The data —
-=-=-=-=-

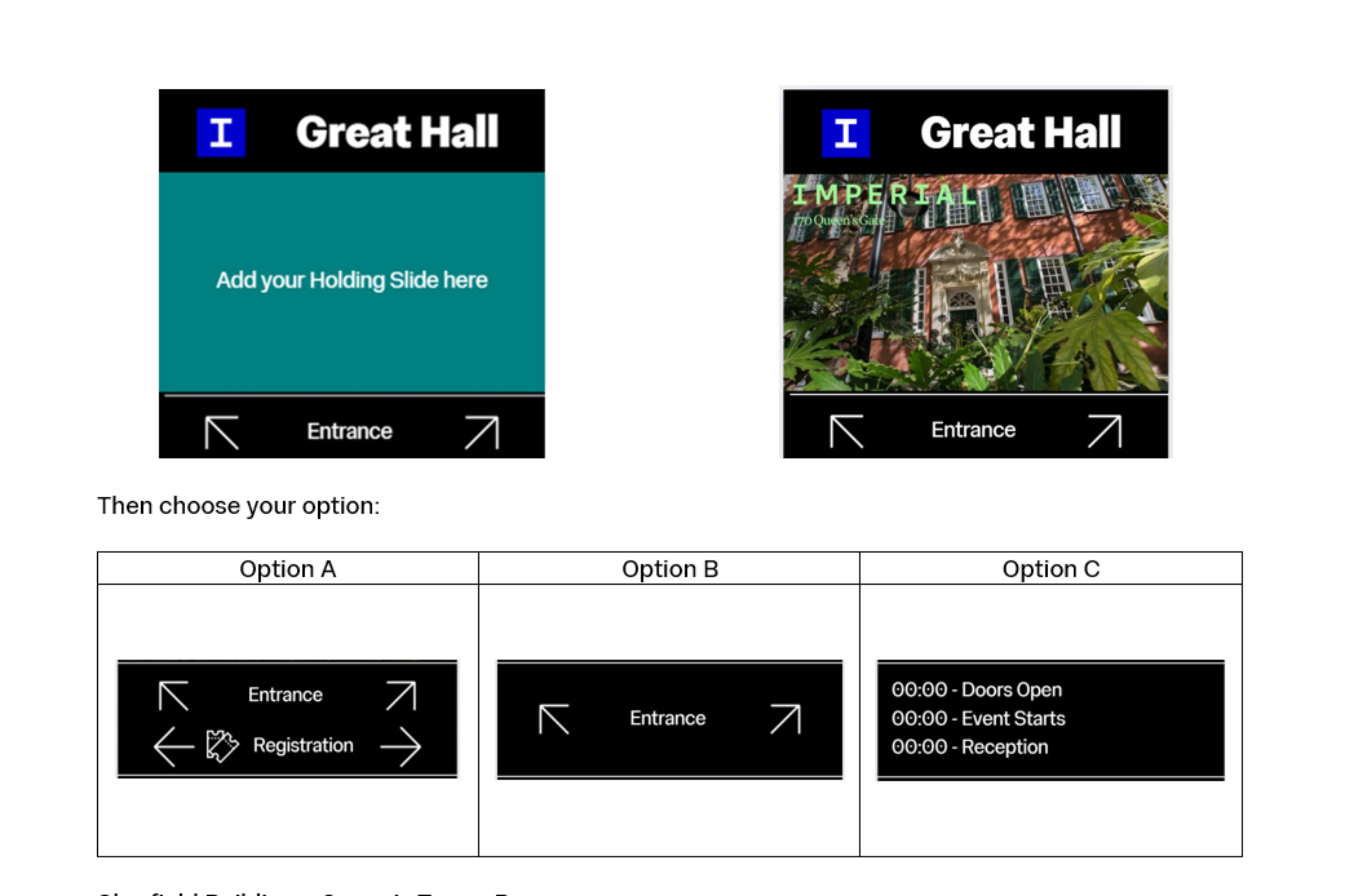 These templates are location specific, currently limited to Great Hall, Queens Tower Rooms, City & Guilds Building LT200 & Sir Alexander Fleming Building G16/G34. Example template options:
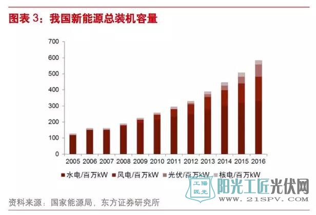 2016年可再生能源总装机容量达到584GW(含水电,其中风电、光伏及核电合计装机量252GW),2005至2016年可再生能源总装机量CAGR达到15%(其中风电、光伏及核电等新能源装机容量CAGR为34%)。
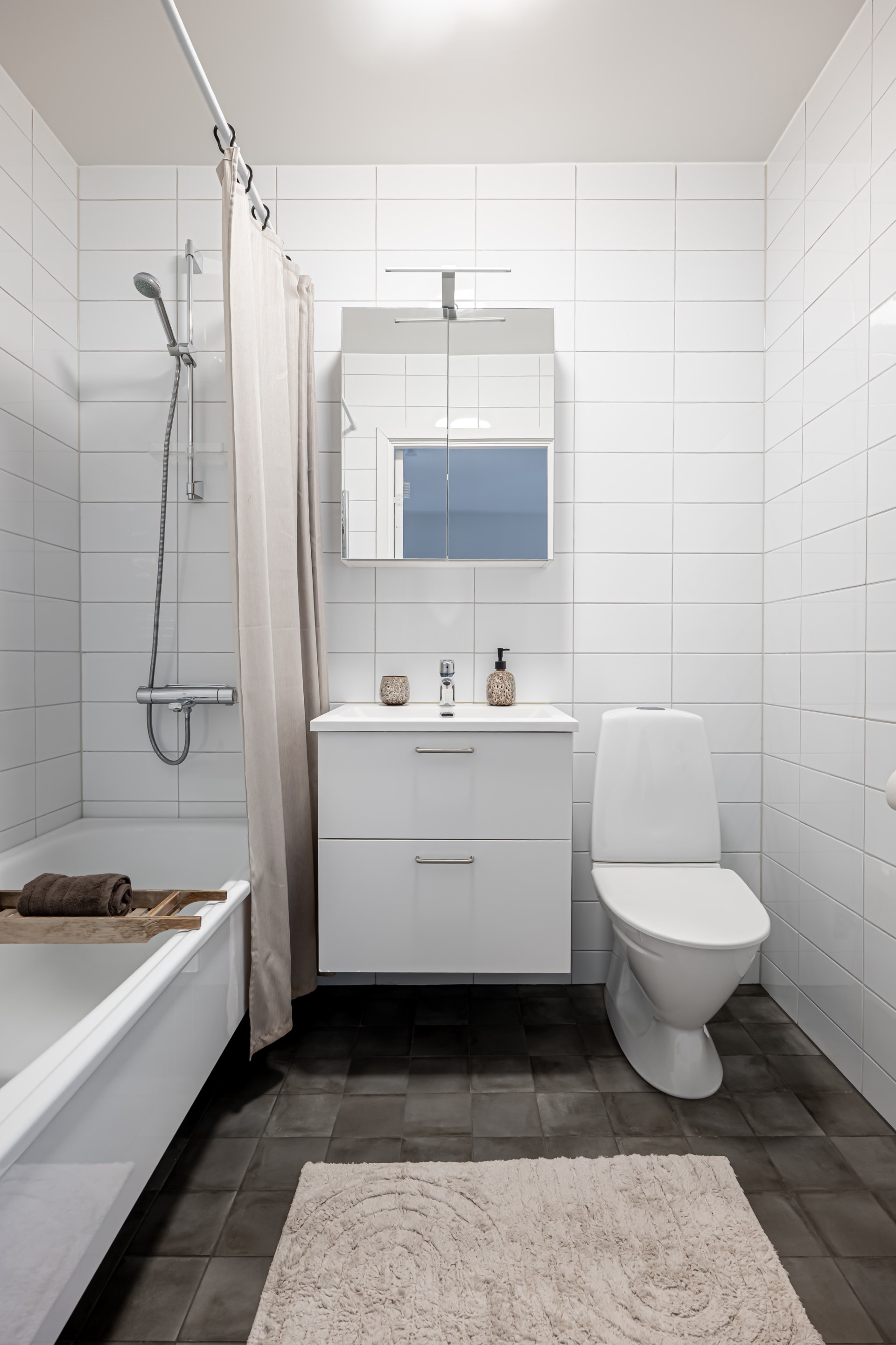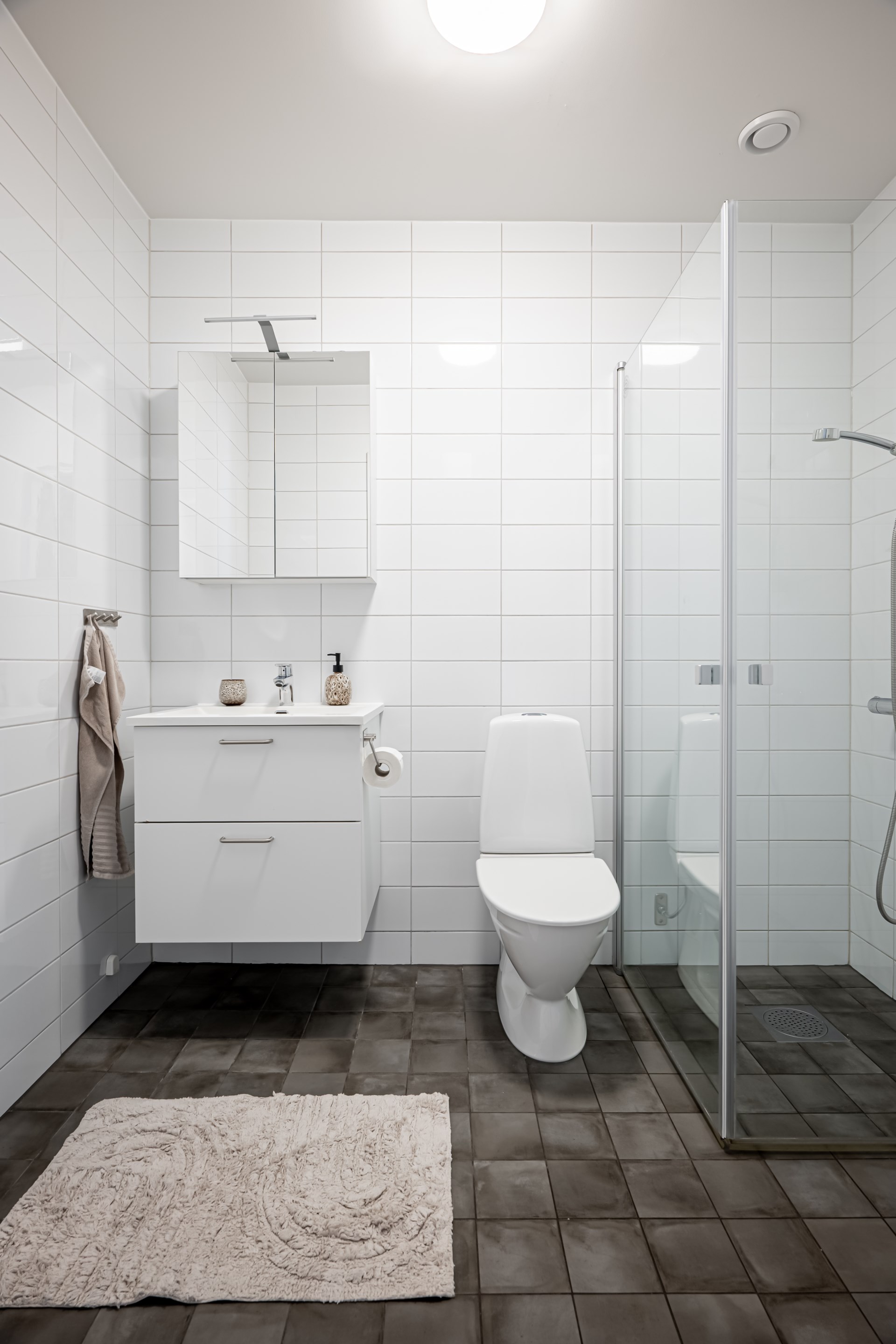 - Badrum: Badrum med ljust kaklade väggar och ett mörkare klinkergolv. I badrummet har ni toalett, kommod, spegelskåp och en dusch.

-=-=-=-=-

Aim of the task —
Starting with the line that holds "2016年可再生能源总装机容", print each line through the last one of the data exactly as written, but do not include the pictures.

Exercise result —
 2016年可再生能源总装机容量达到584GW(含水电,其中风电、光伏及核电合计装机量252GW),2005至2016年可再生能源总装机量CAGR达到15%(其中风电、光伏及核电等新能源装机容量CAGR为34%)。
 - Badrum: Badrum med ljust kaklade väggar och ett mörkare klinkergolv. I badrummet har ni toalett, kommod, spegelskåp och en dusch.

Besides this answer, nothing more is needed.